**TASK REQUIREMENTS:**
Transcribe, without alteration, the line that includes "PANTALONES ANCHOS BLANCOS" and each line after it until the records end, omitting all that precede it.

*** DATA FOR ANALYSIS ***

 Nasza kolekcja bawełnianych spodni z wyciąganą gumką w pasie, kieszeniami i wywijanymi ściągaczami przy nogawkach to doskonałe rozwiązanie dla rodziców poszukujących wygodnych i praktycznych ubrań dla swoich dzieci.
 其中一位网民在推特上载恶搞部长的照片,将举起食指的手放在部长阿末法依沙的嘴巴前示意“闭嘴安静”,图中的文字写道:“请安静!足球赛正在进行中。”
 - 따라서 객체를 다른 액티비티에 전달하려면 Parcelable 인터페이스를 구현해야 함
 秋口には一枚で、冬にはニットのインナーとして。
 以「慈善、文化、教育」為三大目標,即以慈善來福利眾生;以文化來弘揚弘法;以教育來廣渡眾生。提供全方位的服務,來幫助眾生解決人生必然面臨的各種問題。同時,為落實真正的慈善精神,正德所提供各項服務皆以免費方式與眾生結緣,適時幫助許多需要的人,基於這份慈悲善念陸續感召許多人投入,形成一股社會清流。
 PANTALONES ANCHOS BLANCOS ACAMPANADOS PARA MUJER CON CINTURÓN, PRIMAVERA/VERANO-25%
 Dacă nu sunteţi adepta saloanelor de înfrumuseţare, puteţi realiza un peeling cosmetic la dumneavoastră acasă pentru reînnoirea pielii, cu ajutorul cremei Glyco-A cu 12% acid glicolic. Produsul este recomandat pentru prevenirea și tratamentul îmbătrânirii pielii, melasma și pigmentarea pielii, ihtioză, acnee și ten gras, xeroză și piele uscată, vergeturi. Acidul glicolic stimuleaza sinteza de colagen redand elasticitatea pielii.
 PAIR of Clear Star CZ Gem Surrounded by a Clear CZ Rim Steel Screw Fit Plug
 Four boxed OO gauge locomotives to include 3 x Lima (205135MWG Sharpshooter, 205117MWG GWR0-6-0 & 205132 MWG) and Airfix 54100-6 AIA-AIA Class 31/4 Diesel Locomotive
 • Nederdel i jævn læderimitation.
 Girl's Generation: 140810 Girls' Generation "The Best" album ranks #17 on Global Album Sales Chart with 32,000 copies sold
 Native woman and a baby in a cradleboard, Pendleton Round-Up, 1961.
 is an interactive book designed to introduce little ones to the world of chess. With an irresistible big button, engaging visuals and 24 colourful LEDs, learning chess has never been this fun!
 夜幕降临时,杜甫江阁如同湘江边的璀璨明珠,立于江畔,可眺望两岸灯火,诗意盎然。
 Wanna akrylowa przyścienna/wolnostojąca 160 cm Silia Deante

*** End of DATA FOR ANALYSIS ***

**RESULT OF THE TASK:**
 PANTALONES ANCHOS BLANCOS ACAMPANADOS PARA MUJER CON CINTURÓN, PRIMAVERA/VERANO-25%
 Dacă nu sunteţi adepta saloanelor de înfrumuseţare, puteţi realiza un peeling cosmetic la dumneavoastră acasă pentru reînnoirea pielii, cu ajutorul cremei Glyco-A cu 12% acid glicolic. Produsul este recomandat pentru prevenirea și tratamentul îmbătrânirii pielii, melasma și pigmentarea pielii, ihtioză, acnee și ten gras, xeroză și piele uscată, vergeturi. Acidul glicolic stimuleaza sinteza de colagen redand elasticitatea pielii.
 PAIR of Clear Star CZ Gem Surrounded by a Clear CZ Rim Steel Screw Fit Plug
 Four boxed OO gauge locomotives to include 3 x Lima (205135MWG Sharpshooter, 205117MWG GWR0-6-0 & 205132 MWG) and Airfix 54100-6 AIA-AIA Class 31/4 Diesel Locomotive
 • Nederdel i jævn læderimitation.
 Girl's Generation: 140810 Girls' Generation "The Best" album ranks #17 on Global Album Sales Chart with 32,000 copies sold
 Native woman and a baby in a cradleboard, Pendleton Round-Up, 1961.
 is an interactive book designed to introduce little ones to the world of chess. With an irresistible big button, engaging visuals and 24 colourful LEDs, learning chess has never been this fun!
 夜幕降临时,杜甫江阁如同湘江边的璀璨明珠,立于江畔,可眺望两岸灯火,诗意盎然。
 Wanna akrylowa przyścienna/wolnostojąca 160 cm Silia Deante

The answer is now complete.